In this book we will be most interested in the log-base-10, because it plays well with scientific notation. For instance, since $\log_{10}10^4 = 4$, then $\log_{10}(2\ten4)$ must be a little bigger than 4: in fact it is 4.3. In the old days, mathematicians had books of tables giving the logarithm for various numbers. Today, of course, we have calculators and computers.
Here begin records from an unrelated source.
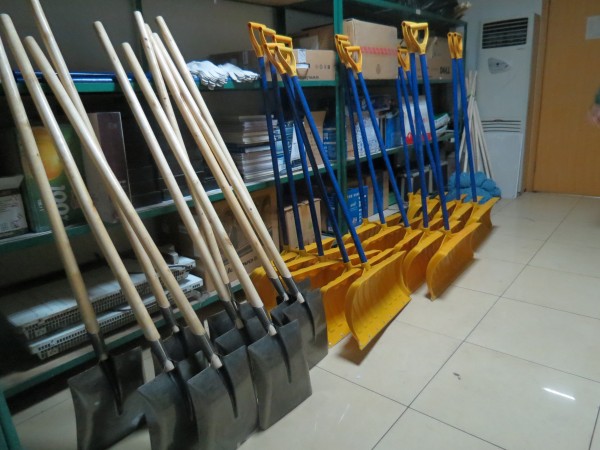 截止目前,新推雪板、鐵鍬共計30余把全部組裝就緒,同時對原有損壞的推雪板、鐵鍬、大掃帚進行捆綁加固。現(xiàn)庫存推雪板達(dá)到40把,鐵鍬15把、大掃帚15把。融雪劑30袋已全部擺放到位。各項除雪物資準(zhǔn)備工作已經(jīng)全部完成。(下花園收費站 耿海亮)
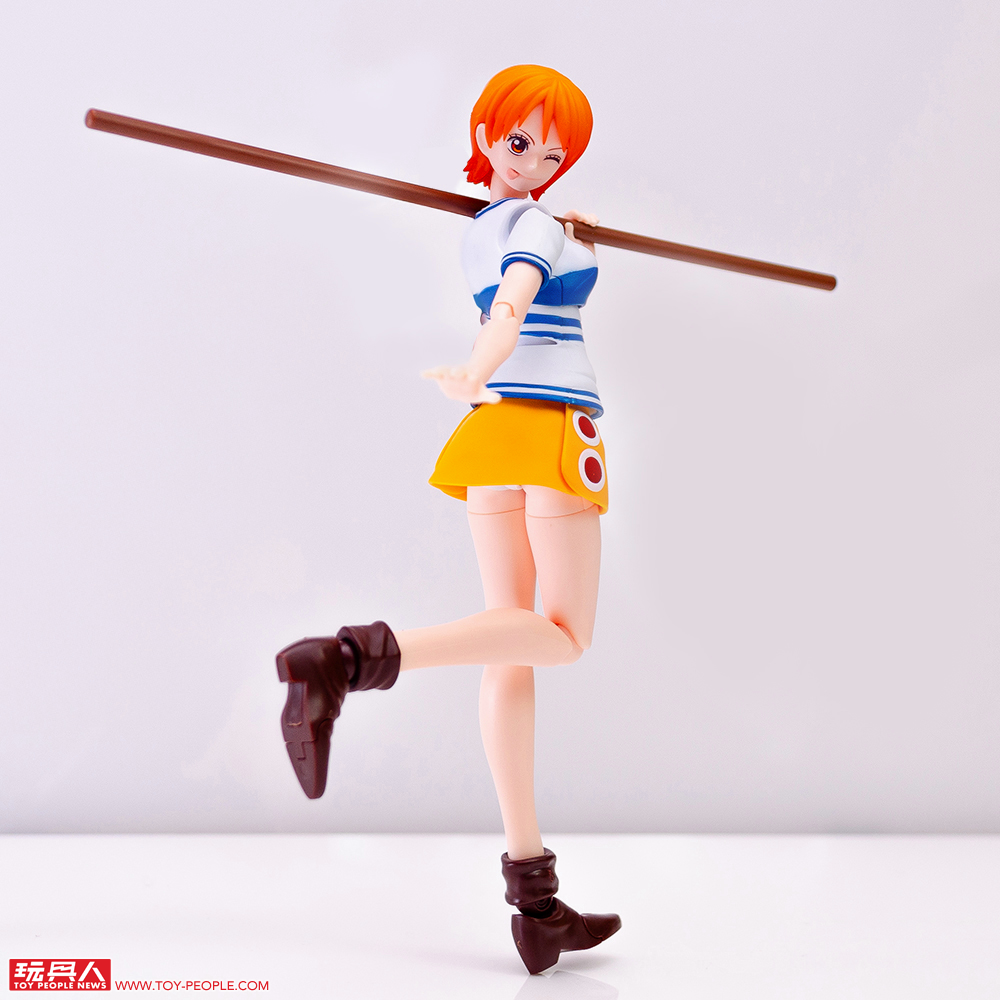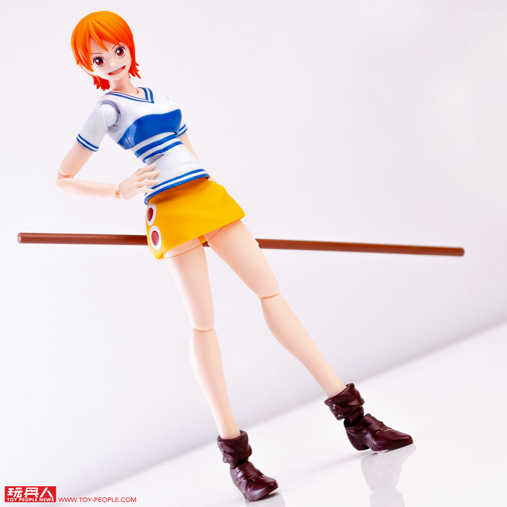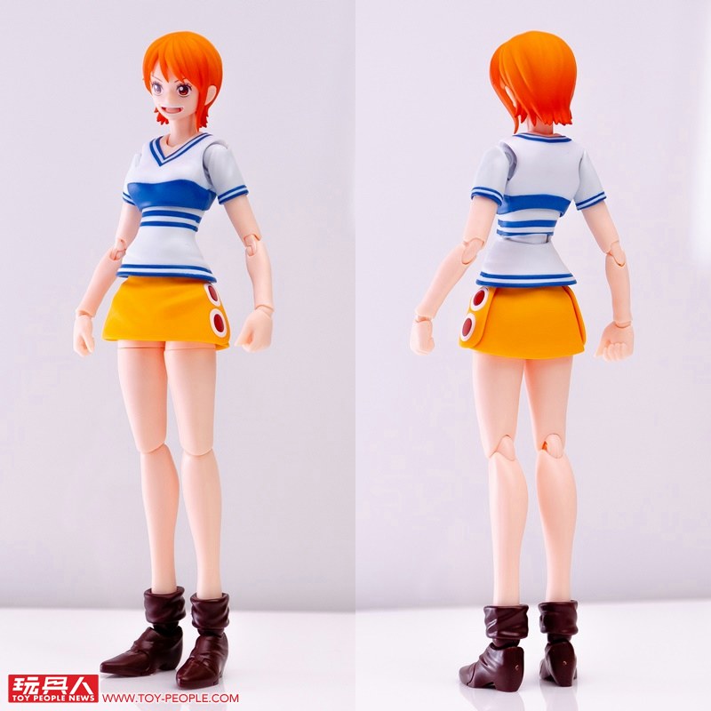 ▼ 造型比例同樣更接近近年的設定,徹底再現娜美初期青澀可愛的氣質,除了不易露出零件破綻的可動分割設計外,裙子零件也特別使用軟材質零件,能夠提升雙腿的可動範圍。
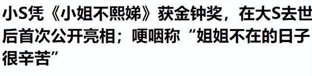 荆楚网——小S凭《小姐不熙娣》获金钟奖,在大S去世后首次公开亮相;哽咽称“姐姐不在的日子很辛苦”
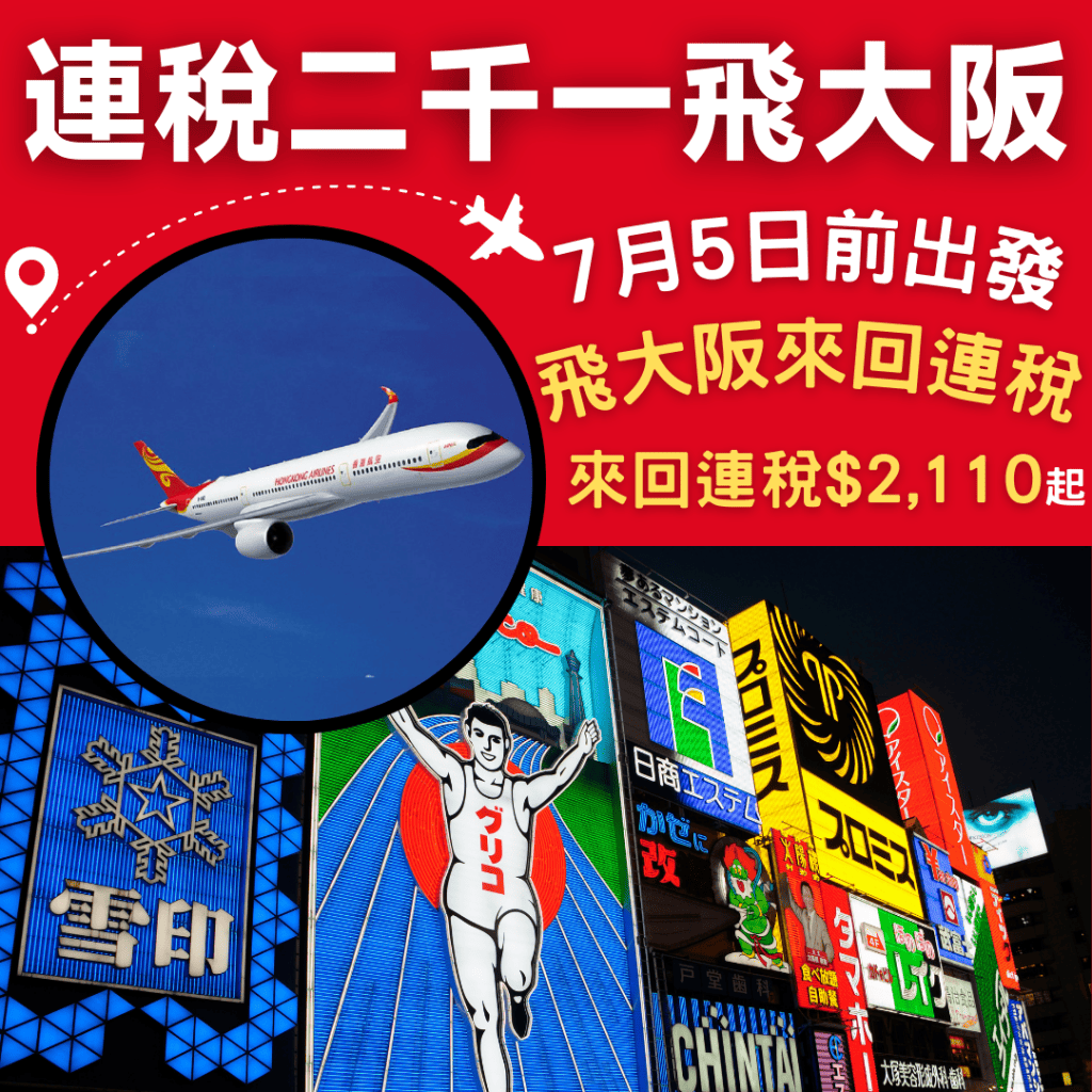 嘩!連稅二千一飛大阪!7月5日前出發!香港飛大阪來回連稅只需$2,110起 – 香港航空 (優惠至4月30日)

Your calculator probably has two log buttons on it, one for $\log_{10}$ and one for the natural log $\ln$. Sometimes one of the buttons will simply be labelled "log", and you'll need to deduce which one it is by looking for the other one. If you're ever not sure, try calculating "log 10". If it returns "1", then that's log-base-10.
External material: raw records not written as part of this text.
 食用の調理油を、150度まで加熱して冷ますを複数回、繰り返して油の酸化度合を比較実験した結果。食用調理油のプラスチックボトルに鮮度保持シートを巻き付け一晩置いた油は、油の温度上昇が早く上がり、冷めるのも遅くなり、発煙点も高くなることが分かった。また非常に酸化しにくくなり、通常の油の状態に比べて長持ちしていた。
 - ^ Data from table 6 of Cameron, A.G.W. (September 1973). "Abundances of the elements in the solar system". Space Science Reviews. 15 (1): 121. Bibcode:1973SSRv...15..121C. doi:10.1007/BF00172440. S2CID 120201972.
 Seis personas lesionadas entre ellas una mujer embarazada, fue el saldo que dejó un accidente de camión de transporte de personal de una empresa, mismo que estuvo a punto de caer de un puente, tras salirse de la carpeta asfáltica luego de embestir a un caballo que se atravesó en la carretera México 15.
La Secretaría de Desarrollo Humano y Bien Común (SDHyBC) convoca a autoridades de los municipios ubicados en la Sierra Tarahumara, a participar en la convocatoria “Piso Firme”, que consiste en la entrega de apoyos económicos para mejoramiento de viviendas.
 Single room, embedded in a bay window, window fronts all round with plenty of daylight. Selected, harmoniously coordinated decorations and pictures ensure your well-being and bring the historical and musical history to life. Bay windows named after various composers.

Because logarithms are exponents, they have a couple of interesting properties. First (for any base), the log of a product is equal to the sum of the logs: $$\log ab = \log a + \log b$$ For instance, $\log_{10}(100)(1000) = \log_{10}100 + \log_{10}1000 = 2+3 = 5$, which is good because $(100)(1000)=10^5$. If you have a number in scientific notation, like $4.5\ten{-4}$, then $$\log_{10}4.5\ten{-4} = \log_{10}4.5 + \log_{10}10^{-4} = \log_{10}4.5-4$$ Since the mantissa 4.5 is between 1 and 10, its log-base-10 will be somewhere between 0 and 1, and so $\log_{10}4.5\ten{-4}$ is going to be somewhere between -4 and -3. In this case, $\log_{10}4.5 = 0.653$, so $\log_{10}4.5\ten{-4} = 0.653-4 = -3.35.

Another property that logs have is $$\log a^b = b\log a$$ One example is $\log_{10}10^6 = 6\log_{10}10 = 6(1) = 6$.